80th Anniversary BRIDE OF FRANKENSTEIN series
Jazz Age Monster

Here’s a splendid streamlined cartoon likeness of Karloff’s Frankenstein Monster from the pages of Universal Weekly, the studio’s trade magazine, May 4, 1935. The art deco-style illustration — signed ‘Marshal’ ? — decorated a page boasting the film’s great box office returns and enthusiastic reviews in Variety and Motion Picture Daily.

Among the articles grouped under the heading “BRIDE OF FRANKENSTEIN: A TREMENDOUS SMASH” were reports from the Tower Theatre in Kansas City of a Sunday’s sellout business with crowds lining up despite a downpour, and the film drawing “unusually heavy child attendance” despite ads warning “not suitable for children”. The Tower’s manager, Barney Joffee, said he did not refuse admission to families on the principle that “parents cannot be prevented from bringing their children”.

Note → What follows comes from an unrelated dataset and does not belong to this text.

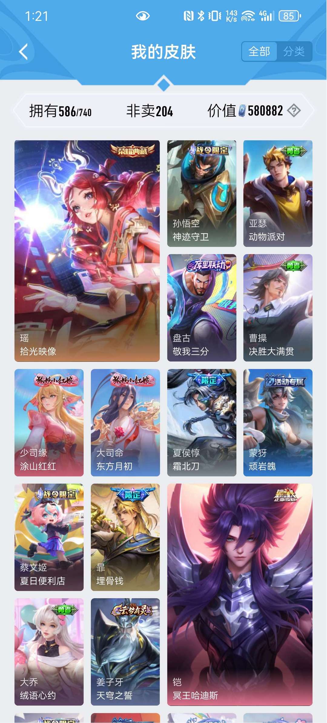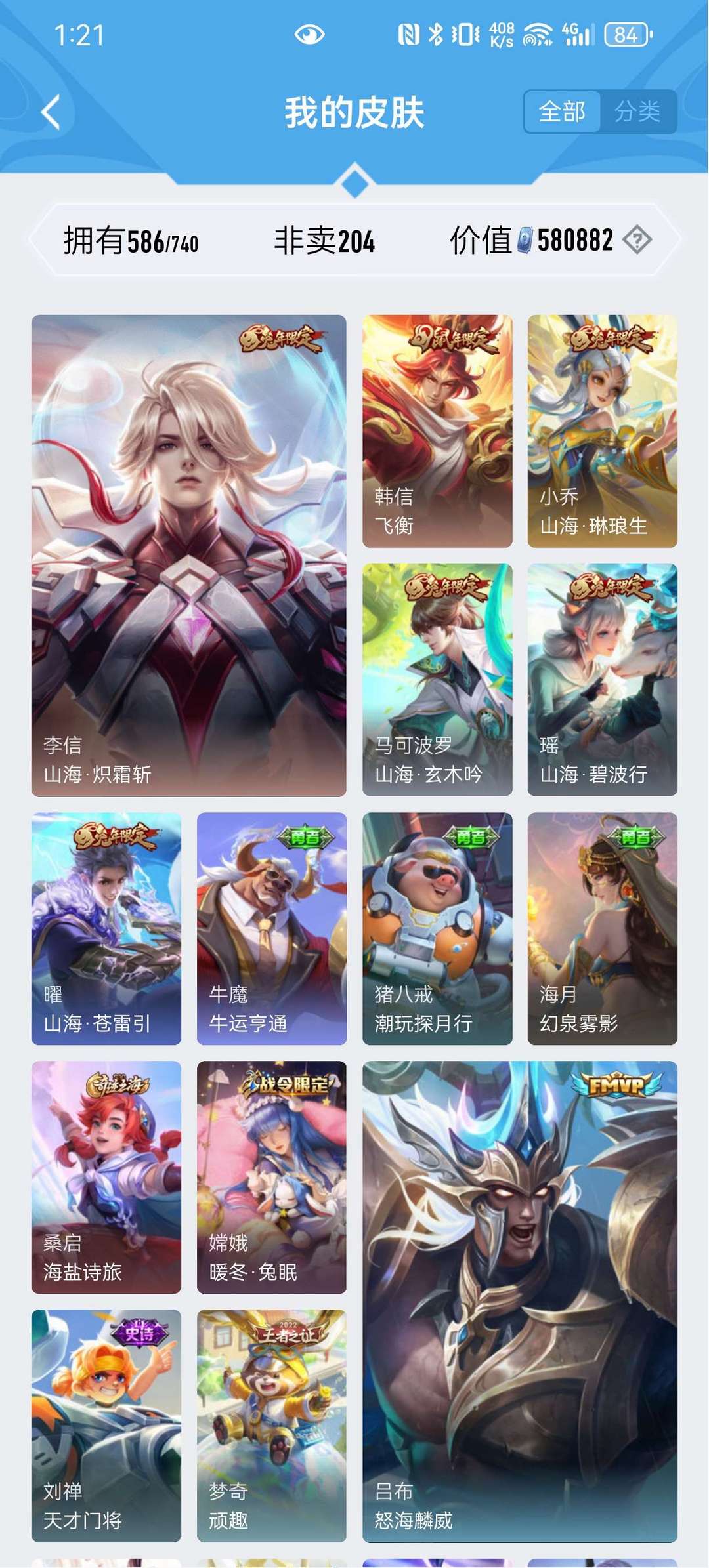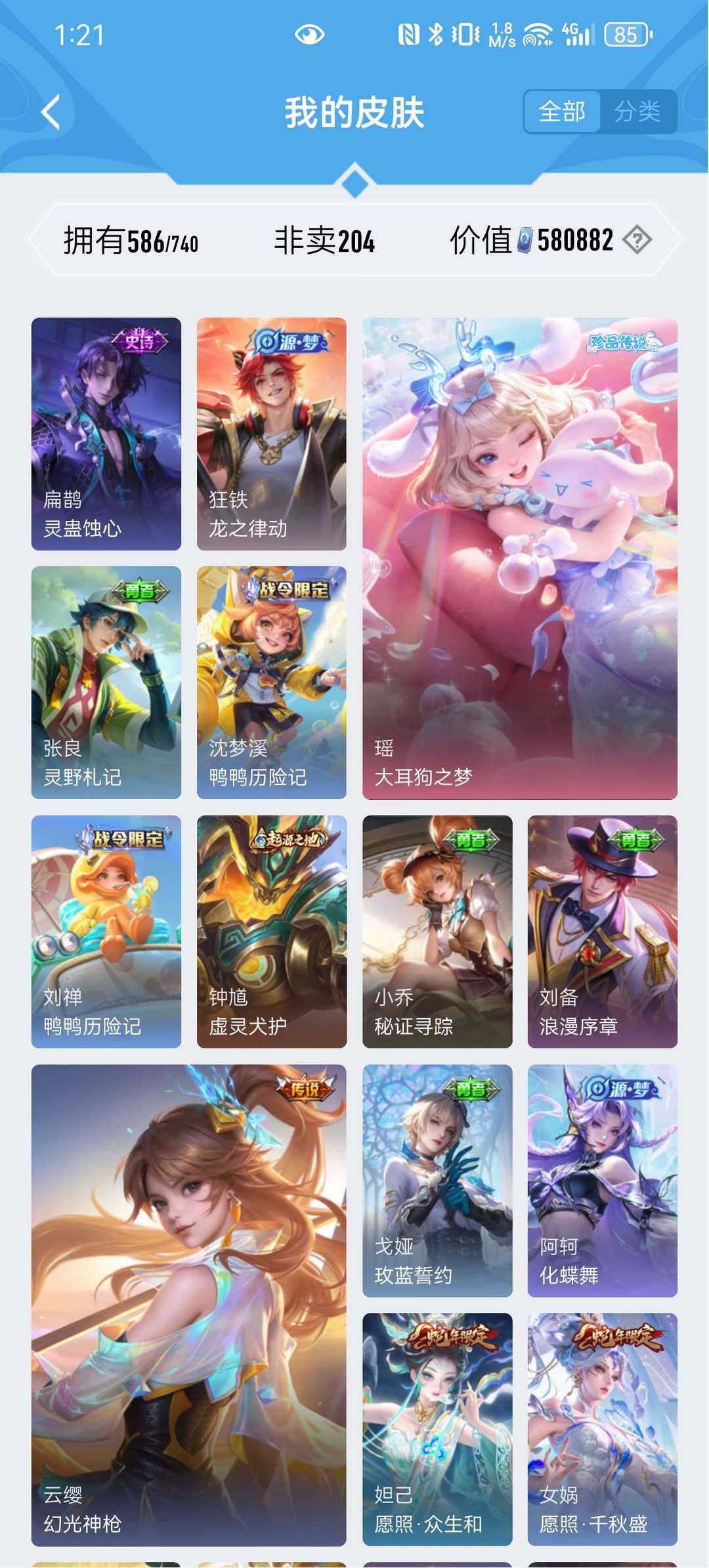 v10无双贵族,仓库道具禁止使用,586个皮肤,各种传说星元皮肤都有!

Also featured is a column’s worth of praise for eighteen-year-old female lead, Valerie Hobson, essentially billed as a scream queen, before the term existed. Hobson, we are told, “screamed her way to success” and “plays the part of the beauty-in-peril with ear-splitting realism”. True, Hobson had to deal in quick succession with the Frankenstein Monster and WEREWOLF OF LONDON, leading Universal’s promotional department to declare that … no actress has ever seemed more certain for stardom than this lovely lady of the vociferous tonsils”.